Discussion posts and replies are publicly visible
Hi,
A solution (very dependent on the PDF formatting,tho) is to try to split the paragraphs using split(text,char(10)). If this works for you pdf, you could then loop on the paragraphs and check for both keyword in an AND statement to find the matching paragraph
yes i got you but in my case is not like i'm looking for an especific number could be any number from 0 to 999 for example then is follows by the word days and and also the paragraph need to look for the other word
Then one of the Find can be replaced by a regexmatch expression, to find number+" fixedstring", it seems that you have access to the plugin, right?
a!localVariables( /*local!test:*/ /*"hiugjkindiaChinaFrance (8) days aklsjdf;lajsdlkfja",*/ /*local!prueba: regexfirstmatch( "^[(]\d{1,3}[)]\s(days)$", local!test ),*/ local!a: "sECTION 7.6 The Accountant.
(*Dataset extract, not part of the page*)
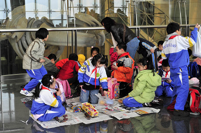 “哇!”随着一声声的惊呼,国家动物博物馆又迎来了崭新的一天。发出这一句句惊叹声的,是来自朝阳区和平里第九小学的约500名老师和小学生们(图1)。他们纷纷睁大了双眼,用惊喜的声音问:“这是真的吗?”“这个好漂亮啊!”“大老虎是真的吗?”。
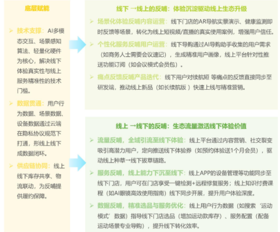 - 数据层:合规前提下的跨设备数据协同,AI眼镜与智能手表、汽车车机形成“健康-出行-工作”数据闭环,提升服务精准度;

The Partners shall agree upon a mutually acceptable accountant to be the initial accountant and auditor for the Company and each Subsidiary Entity (the “Accountant”). The fees and expenses of the Accountant shall be a Company expense. SECTION 7.7 Company Audit. Subject to Section 5.4(c) and Section 7.4(e), Investor Partner (or its Affiliate) is hereby designated as the partnership representative of the Company, in accordance with Section 6223 of the Code and any similar provision under any state or local tax laws, and all decisions and elections of Investor Partner as such are subject to General, Partner’s prior written consent (not to be unreasonably withheld, conditioned or delayed). The partnership representative, subject in all cases to the provisions of Section 6.2(a)(xxi) and Section 6.2(a)(xxii), shall be authorized to take any actions necessary with respect to any audit, examination or investigation (including any judicial or administrative proceeding) of the Company by any U.S. federal, state or local or non-U.S. taxing authority. Each Partner shall keep the other Partners informed of the progress of any tax audits or examinations. Each Partner shall give prompt notice to each other Partner of any and all notices it receives from the Internal Revenue Service concerning the Company or any Subsidiary Entity, including any notice of audit, any notice of action with respect to a revenue agent’s report, any notice of a thirty (30) days appeal letter and any notice of a deficiency in tax concerning the Company’s and or any Subsidiary Entity’s federal income tax return. Each Partner shall, at the Company’s expense, furnish each other Partner with status hiugjkindiaChinaFrance (8) days aklsjdf;lajsdlkfja; a,sdjflkajs (88) days dlk akjsdl;fja", local!b:split( local!a , char(10)&char(10) ), local!arrayvars:a!forEach( items: local!b, expression: if( and(regexmatch( "^[(]\d{1,3}[)]\s(days)$", fv!item )=true(), find( "hiugjkindiaChinaFrance", fv!item,0 )>0 ) , fv!item , {} ) ) , local!arrayvars )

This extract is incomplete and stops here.